Проезжая мимо прежнего дома, она испытывала неприятное чувство: за ней наблюдали.

Наблюдали, никаких сомнений. Новые жильцы. А все потому, что ее машина так часто мелькает под их окнами.

Затем, в моменты здравомыслия, она говорила себе: «Конечно нет». Иначе новым владельцам (при встрече показавшимся ей довольно милыми людьми) пришлось бы выглядывать в окно каждый раз, когда ее автомобиль проезжает мимо. И знать, кому тот принадлежит.

И все же, стоило приблизиться к бывшему дому, начинало частить сердце. Некая интуитивная тревога вроде той, что охватывает на краю глубокой пропасти. Головокружение… так это называют. И страшно — и хочется заглянуть вниз. Ты не осмеливаешься приблизиться, и в то же время тебя будто что-то тянет. Словно кто-то давит ладонью на поясницу, мягко подталкивая вперед.

«Подойди! Ближе!»

«Да! У тебя отлично получается».

Новые владельцы из сочувствия к ее вдовьему положению (как ей казалось) уверили, что она может навещать прежний дом в любое время. Эта супружеская чета вела себя очень дружелюбно и внешне очень сердечно, но вдове претило возвращаться в дом благодаря им. Она сознавала, что не права, и все же невольно думала о них как о презренных захватчиках, которых ее порою вздорный супруг несомненно презирал бы с неистовой силой.

Сколько лет она проездила этим маршрутом… возвращалась к себе на Линден-роуд из маленького пригородного колледжа в пяти милях, где преподавала английский; сворачивала на асфальтированную подъездную дорожку; с предвкушением, а то и мрачным предчувствием приближалась к двери, потому что никогда (почти) точно не знала, в каком настроении найдет мужа.

Тот практически всегда был на месте. Дело в том, что он работал на дому, консультируя по прикладной математике.

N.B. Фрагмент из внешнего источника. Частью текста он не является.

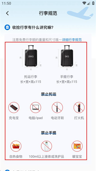 2、在主界面找到快速入口区域,点击行李规范选项查看相关内容。
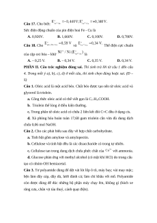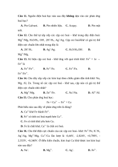 Câu 16. Cho thế điện cực chuẩn của các cặp oxi hoá– khử: Fe2+/Fe, K+/K,

Не хотел уподобляться винтику в «отлаженном механизме вселенной», ведь мы, живя своими жизнями, жизнями своих тел, мы совсем не механизмы, мы не считаем себя механизмами, каждая секунда для нас свежа, скоротечна, каждая являет собой нечто неопределенное и нечаянное.

Нечаянное… В тот день она вернулась домой, но не из колледжа, а из клиники. С новостью, которая потрясла обоих.

Причем его сильнее. Ведь наотрез не хотел ребенка именно он.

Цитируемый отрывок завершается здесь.